We should replace our hole-ridden patchwork of wasteful welfare programs with a well-functioning safety net, one built on human volition rather than force and one that energizes the extraordinary generosity of the American people. This would be a much better move for the Americans displaced by trade than Trump's disastrous plans.

Ironically, the very people who oppose a government-provided social safety net because they object to helping a small number of Americans at the expense of everyone else want to do exactly that by restricting trade. But unlike public assistance, trade barriers have a storied history of tanking economic growth.

Protectionism won't bring back jobs

If Trump gets his way, those jobs aren't coming back.

First, they're not coming back because they never left. Unless Trump wants to go around smashing robots, repetitive, low-skill jobs are not the future of the American workforce. And thank God. Restricting trade to protect jobs is choosing lots of work and little money over lots of money and little work.

Furthermore, what's ironic about Trump selling protectionist trade restrictions as a solution to American poverty is that protectionism raises prices on household necessities, which hits poor Americans first and hardest.

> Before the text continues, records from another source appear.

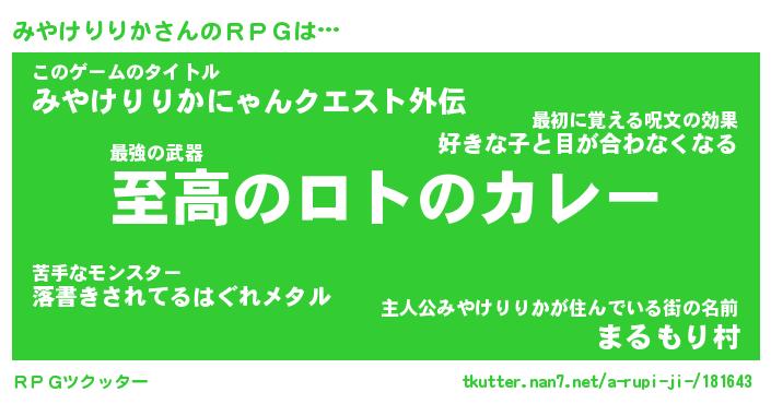 | 男性向けラノベタイトル風あだ名 | 『ミヤケリリカアートオンライン』 |
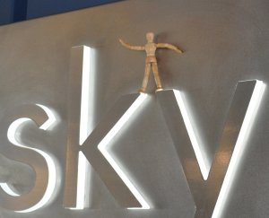 Here he is perched on the Skylink sign at DFW. Skylink is the people mover at the airport.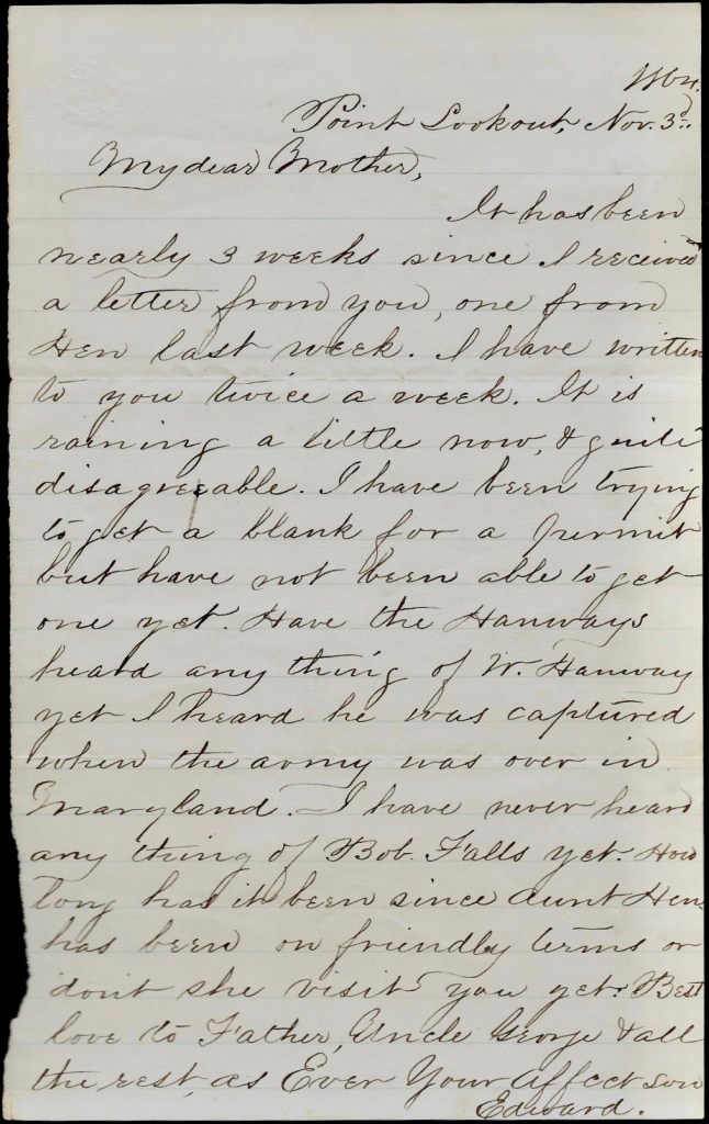 It has been 3 weeks since I received a letter from you. One from Hen last week. I have written to you twice a week. It is raining a little now & quite disagreeable. I have been trying to get a blank for a permit but have not been able to get one yet. Have the Hanways heard anything of W[illiam] Hanway yet? I heard he was captured when the army was over in Maryland. I have never heard anything of Bob Falls yet. How long has it been since Aunt Hen. has been on friendly terms or don’t she visit you yet? Best love to Father, Uncle George, & all the rest. As ever your affectionate son, — Edward

The only thing that is sure to happen as a result of the U.S. erecting barriers to trade is that the U.S. will trade less with the rest of the world. The U.S. will not succeed in strong-arming nations into unfair trade deals. Global trade will continue with or without the U.S.

We cannot sacrifice economic growth to protect jobs that are not productive by hamstringing our ability to take advantage of gains from trade. Doing so is sacrificing the entire country for a small group. Instead, we should take care of the people trade left behind while innovating and growing the economy on net by trading with all nations.

Cathy Reisenwitz is editor-in-chief of Sex and the State.